Kimberlee Sweeney, Divorce and Relationship Coach.
Intimacy is not just about sex and touch. While we need touch and sexual intimacy to keep a relationship alive, we also need to cultivate intimacy in all its manifestations. Long term committed relationships need to be nurtured to ensure they thrive. There are four types of intimacy that will help relationships to flourish. We all need our own varying degrees of each type of intimacy in our relationship depending on our personalities and personal preferences.
1. Emotional Intimacy
Emotional intimacy is feeling comfortable enough with each other to be authentic and “real”. You need to feel comfortable expressing your thoughts and feelings, your deepest fears, dreams, desires and disappointments. It’s important to feel understood and safe enough to share personal feelings and thoughts without being judged or belittled. Emotional intimacy thrives when you feel supported and have a sense of trust from sharing with each other. Building more emotional intimacy requires an engagement in deeper more intimate conversations. Emotional intimacy means creating a safe space where you can talk about your emotions and experiences and talk about topics that you wouldn’t tend to share normally with others.
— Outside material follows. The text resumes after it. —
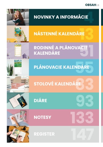 OBSAH | 3 4 NOVINKY A INFORMÁCIE 13 NÁSTENNÉ KALENDÁRE RODINNÉ A PLÁNOVACIE KALENDÁRE 51 55 PLÁNOVACIE KALENDÁRE 83 STOLOVÉ KALENDÁRE 93 DIÁRE 133 NOTESY 147 REGISTER
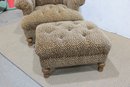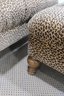 The coordinating ottoman doubles as a footrest or extra seating, making this set both functional and fashionable. Both pieces rest on sturdy turned wood legs, adding a traditional touch that balances the playful animal print.

Show interest in what each other is saying by validating their feelings so they feel understood and supported.
2. Intellectual Intimacy
Building intellectual intimacy is all about being able to speak your mind on views and topic’s without worrying if your partner will agree or disagree with you. Listening to one another in a respectful manner can create a sense of closeness. While you may not always agree on every topic it is important to acknowledge that we are all entitled to our own view points and beliefs. Allow your partner the freedom to have their own opinions and let them be heard. If you disagree, refrain from put-downs and sarcasm. Focus on listening and appreciate the opportunities to hear each other’s viewpoints. Intellectual intimacy is about stretching one’s mind and being open to ideas that may differ to your own, often creating thought provoking discussion for you both. Intelligent and philosophical conversation can be very sexually attractive for many and even quite arousing. It’s termed sapiosexual and some people need to develop intellectual intimacy first, to bond more intimately with their partner.
3. Experiential Intimacy
Experiential intimacy develops over time, the longer you are together and build great memories from shared experiences. Recalling these moments together triggers your senses just like a smell can trigger your memories, and enables you both to share those happy memories which in turn brings you closer together again. So, keep building memories all through your relationship by arranging dates, activities and experiences together. Every couple needs together time as well and individual alone time or time with friends outside of the relationship. Share those adventures verbally or physically with each other. It’s like building a brain road map for our lives together in all you do within and outside of the relationship and like a map will bring you closer to your desired “intimacy” destination.
4. Spiritual Intimacy
Spiritual intimacy will mean different things to different people. It could be a formalised religion that brings you together or meditation on the higher self or crystals and guardian angels, or connecting with nature. Talk to each other about what your spirituality and beliefs are and consider how these beliefs are aligned and whether or not they intersect. Sometimes your values and morals are aligned and integrated with your spirituality resulting in a deeper spiritual connection and intimacy.
If you fear intimacy it will be worth exploring the barriers to intimacy. A coach may help you uncover hindrances such as self-protection. Those who have been hurt in their past relationships are often fearful about entering an intimate relationship again. Ultimately, we all want to be desired and desire leads to intimacy. Finding a person whom you feel safe enough to be with and to speak your truths will develop into an intimate connection if you are able to engage openly and truthfully with your partner. Not just physically, understanding each other and meeting each other’s needs once voiced, will enhance and strengthen your closeness and your love.
If you do not feel comfortable enough to work on the four types of intimacy with your partner then you must take a step back and re-evaluate the entire relationship. What you are getting out of it and can you both put some work into the areas that need strengthening.
There is someone out there for everyone to connect with. Allowing yourself to be venerable enough to speak your truths and see how your partner responds, will answer those quiet questions about the person that are inside your head. So be brave and speak your truth and the universe will show you the right partner for you in time.